2003 marked the height of the band’s success with the spectacular riff-driven, “Seven Nation Army”, taken from the bands fourth album ‘Elephant’. The album marked the beginnings of a transition for the band. It contained more ballad style tracks than we’d come to expect from the band, a factor that also dominated the band’s subsequent album, “Get Behind Me Satan”.

“Get Behind Me Satan” contained as many piano based tracks as it did guitar ones, while it also made wonderful use of the xylophone on ‘The Nurse’. When “Icky Thump” landed in 2007, the transition was complete. Bagpipes, marimbas, mariachis, horns… It was like listening to a different band.

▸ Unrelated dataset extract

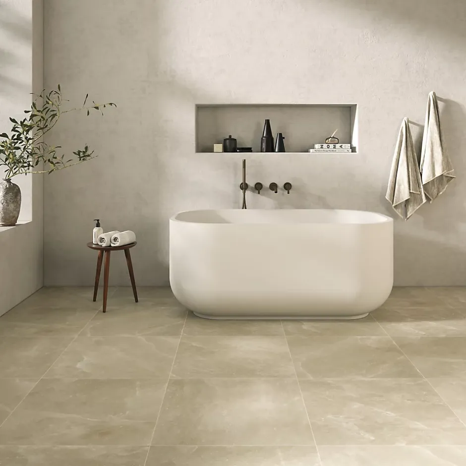 - Inspiré par la nature, le carrelage Himalaya grège offre un charme authentique avec son effet pierre rehaussé d’une touche contemporaine.

However, despite this transition, the music retained its true strength: the total bluesy simplicity. Often criticised for her drumming, Meg White was at the core of this simplicity. She was employed to keep a beat, a rhythm, that allowed Jack and his guitar/piano/vocals take control. The duo complemented eachother perfectly.

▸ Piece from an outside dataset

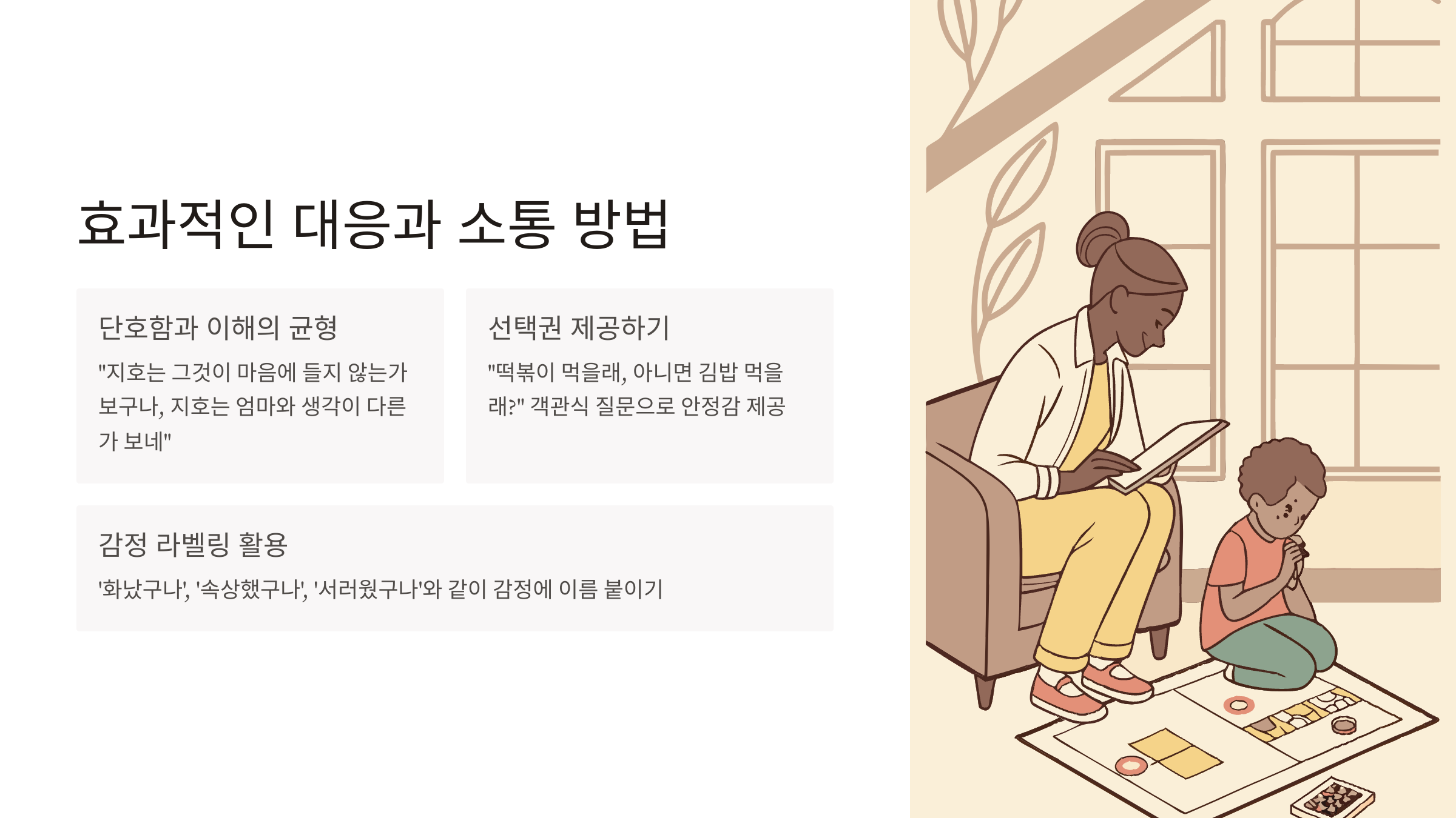 신경과학 연구에 따르면, 감정 라벨링은 특히 부정적인 감정에 더욱 효과적이랍니다. 아이가 울 때 "울지 마, 뚝 그쳐!"라고 다그치는 것보다 "많이 속상했구나. 서러웠구나"라고 아이의 마음을 읽어주면 아이의 감정이 자연스럽게 정화되는 것을 도울 수 있어요.

The raw energy of the live performances was partially captured in last years CD/DVD release, “Under Great White Northern Lights”, recorded in Canada in 2007. However, more than this famed live prescene, the DVD captured Meg’s descent into anxiety. A bitterly cruel last sequence, in particular, documented this as she breaks into tears as Jack sits alongside her playing ‘White Moon’ on the piano.

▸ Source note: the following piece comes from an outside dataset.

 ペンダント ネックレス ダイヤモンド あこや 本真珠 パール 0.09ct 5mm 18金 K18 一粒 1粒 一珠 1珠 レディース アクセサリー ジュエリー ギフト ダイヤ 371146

Originally intended as a simple tour document, the film has become an epitaph for the band. Luckily, we are told, Meg has overcome her battle with anxiety that resulted in the cancellation of the bands UK tour in 2007, though we will still be left with the startling image of her sitting, tears flowing, as Jack simply kept playing.

The band have claimed that the split is designed to preserve their art, but it seems more likely that the relationship simply became too much to bear.

Whatever the reasoning behind the split, it is a heavy loss for music. Jack has continued to work avidly (the Raconteurs, the Dead Weather, Loretta Lynn, Laura Marling, Wanda Jackson, Alicia Keys) in the industry, yet none of his projects have managed to capture his energy, his personality, his mystique in the manner that the White Stripes did.